Diverse types of hyperspectral indices (reflectance at a given wavelength (R), wavelength difference (D), simple ratios (SR), normalized differences (ND) and double differences (DDn)) based on either original reflectance or first-order derivative spectra have been developed to quantify chlorophyll concentration using two datasets collected in situ from two typical cold-temperate mountainous sites in Japan and two online datasets (LOPEX and ANGERS). Furthermore, the best indices identified have further been evaluated using a simulated dataset generated from PROSPECT 5.

The robustness of identified indices among different datasets was evaluated using RPD values. These identified indices were generally from a combination of two wavelengths, in which one had a strong positive correlation and the other had a strong negative correlation with chlorophyll concentration. Overall, dND (522,728) proved to be the most effective index for quantifying chlorophyll concentrations (R² = 0.807, p < 0.001, RMSE = 8.67 μg/cm², WAIC = 5829.7) and was confirmed using the simulated dataset from PROSPECT 5 (R² = 0.862, p < 0.001, RMSE = 15.69 μg/cm², WAIC = 18507.6).
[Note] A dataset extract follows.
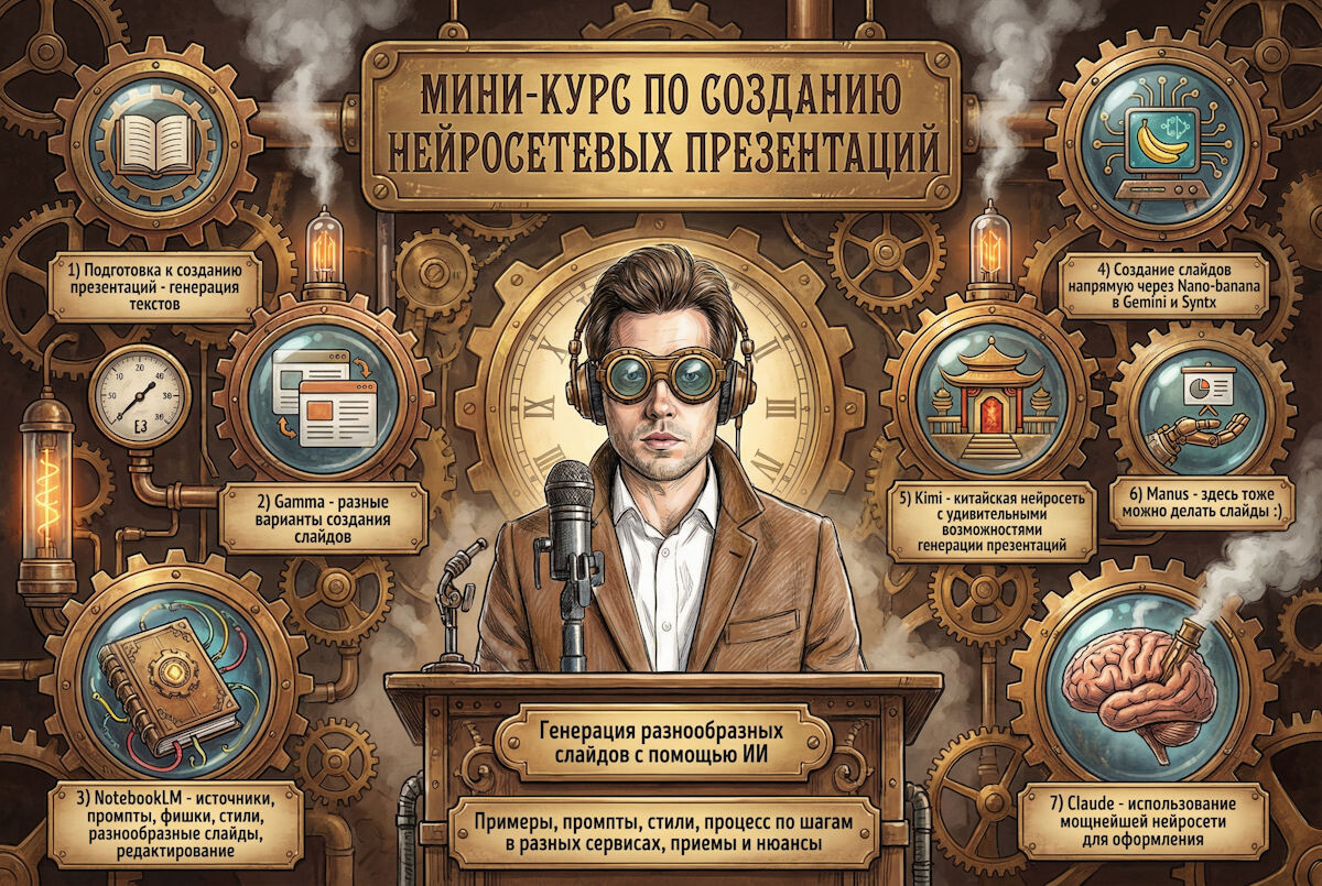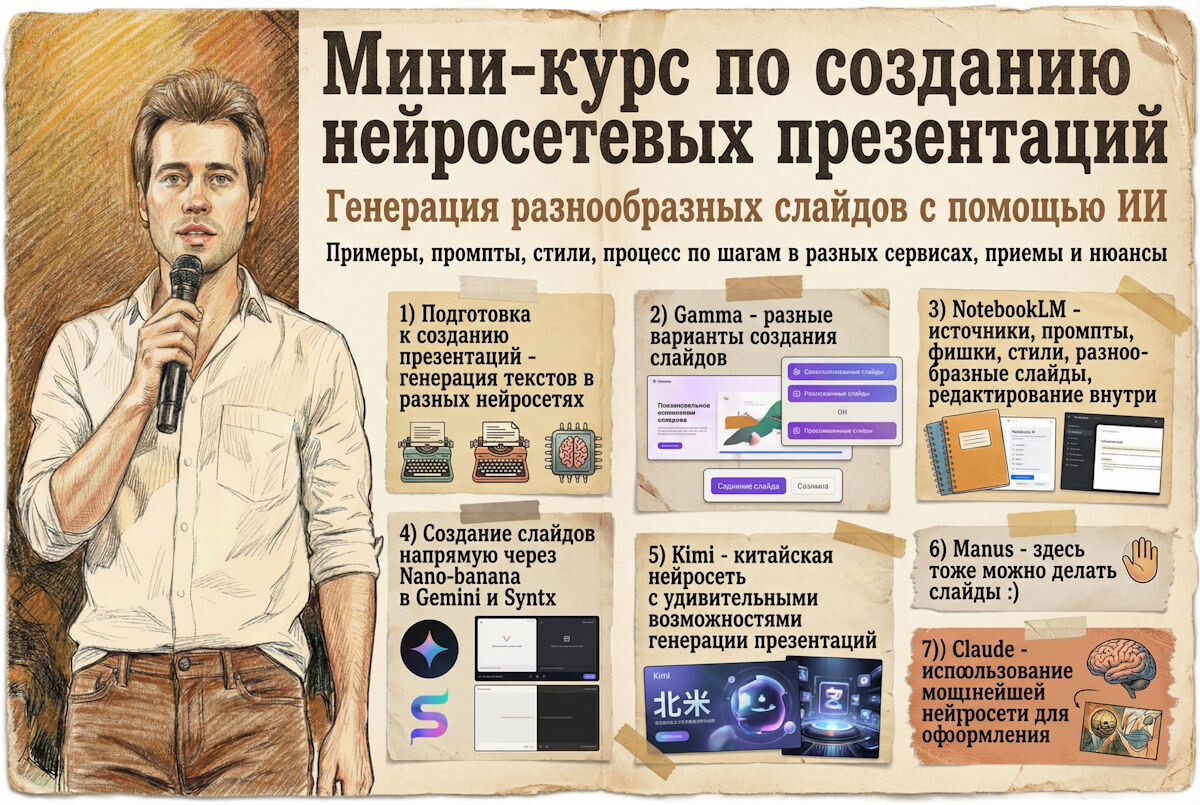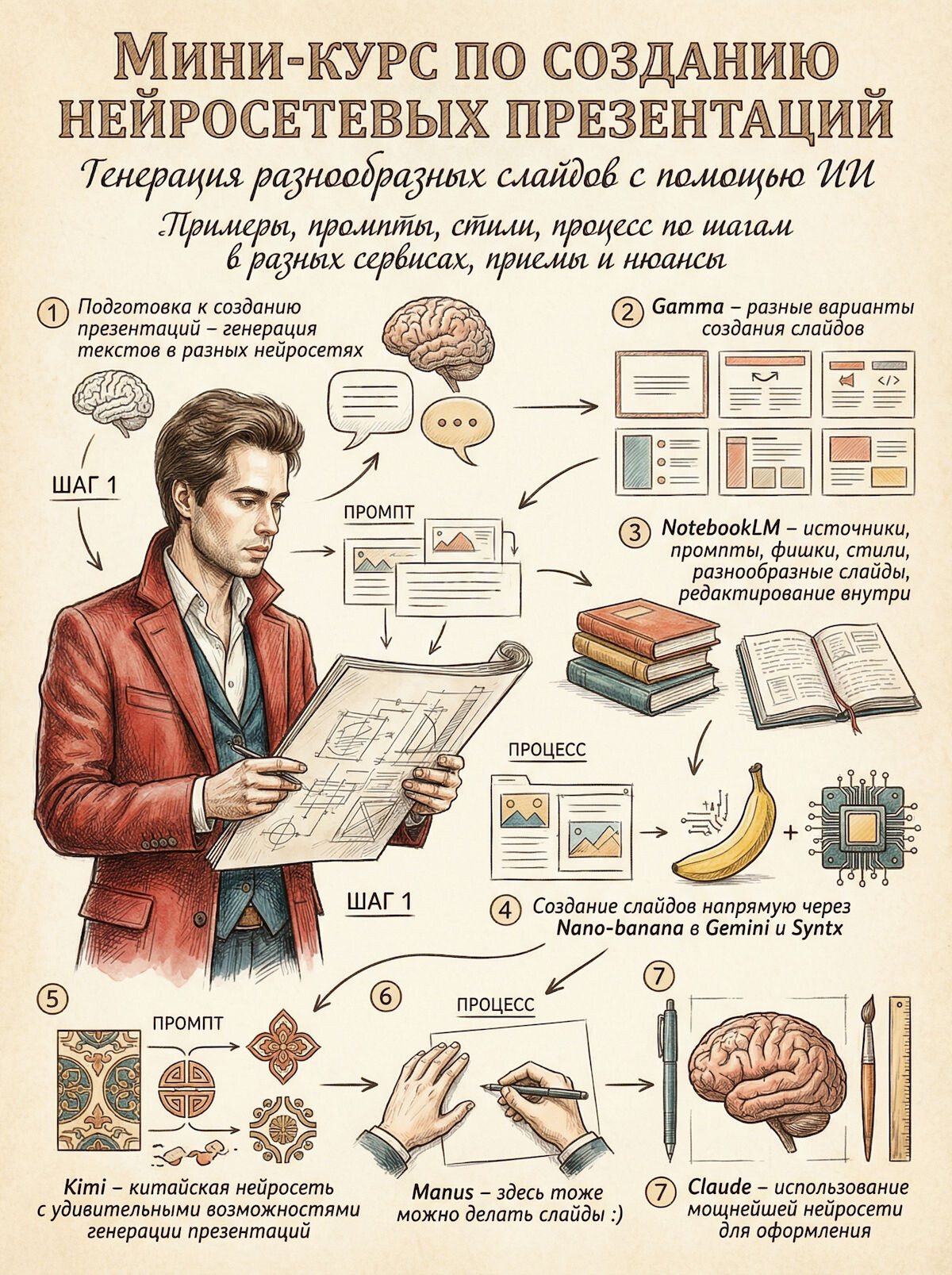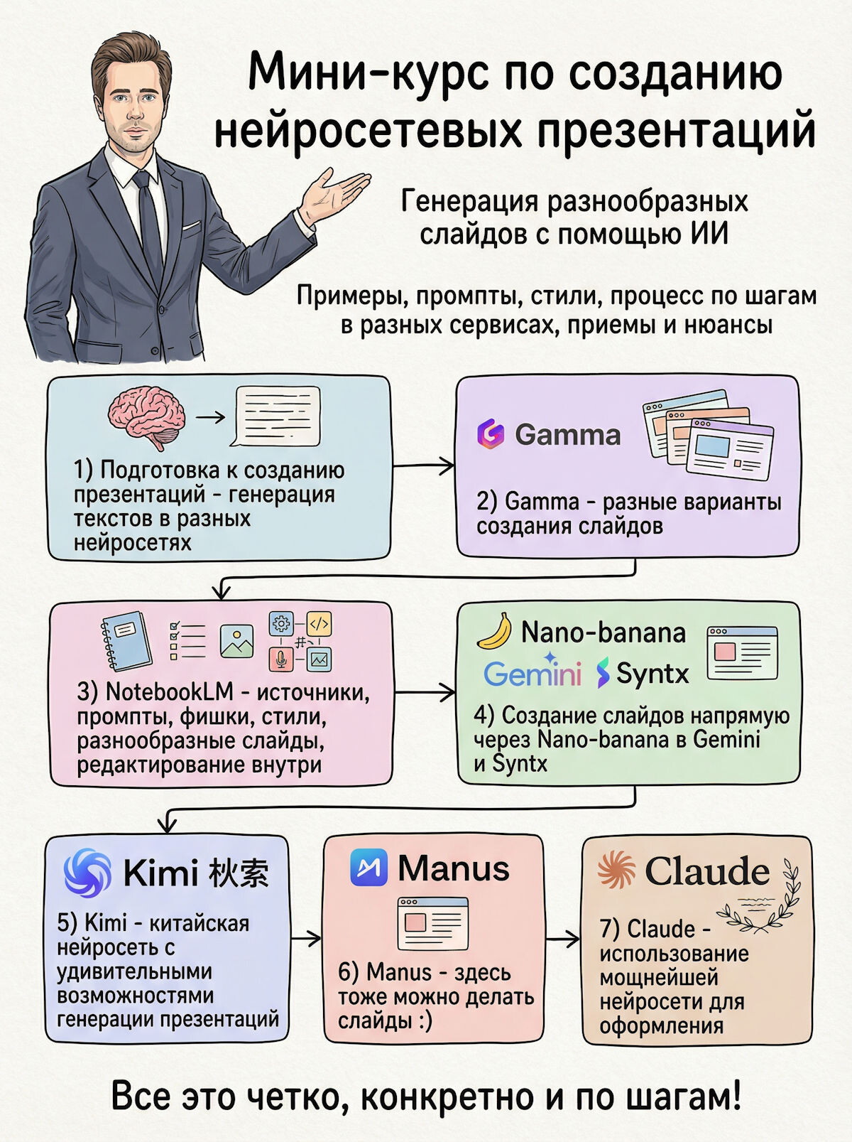 Среди сервисов, про которые говорим: Gamma, NotebookLM, Gemini, Syntx, Kimi, Manus, Claude.

Furthermore, the dND-type indices based on the first-order derivative spectra at the green peak (520–540 nm) and the end of the red edge (720–740 nm) were effective even for down-scaled resolutions (to 5, 10 and 20 nm), demonstrating great potential for the use of satellite data. The new understandings obtained in this study may thus help to improve the potential of hyperspectral remote sensing for quantifying chlorophyll concentrations.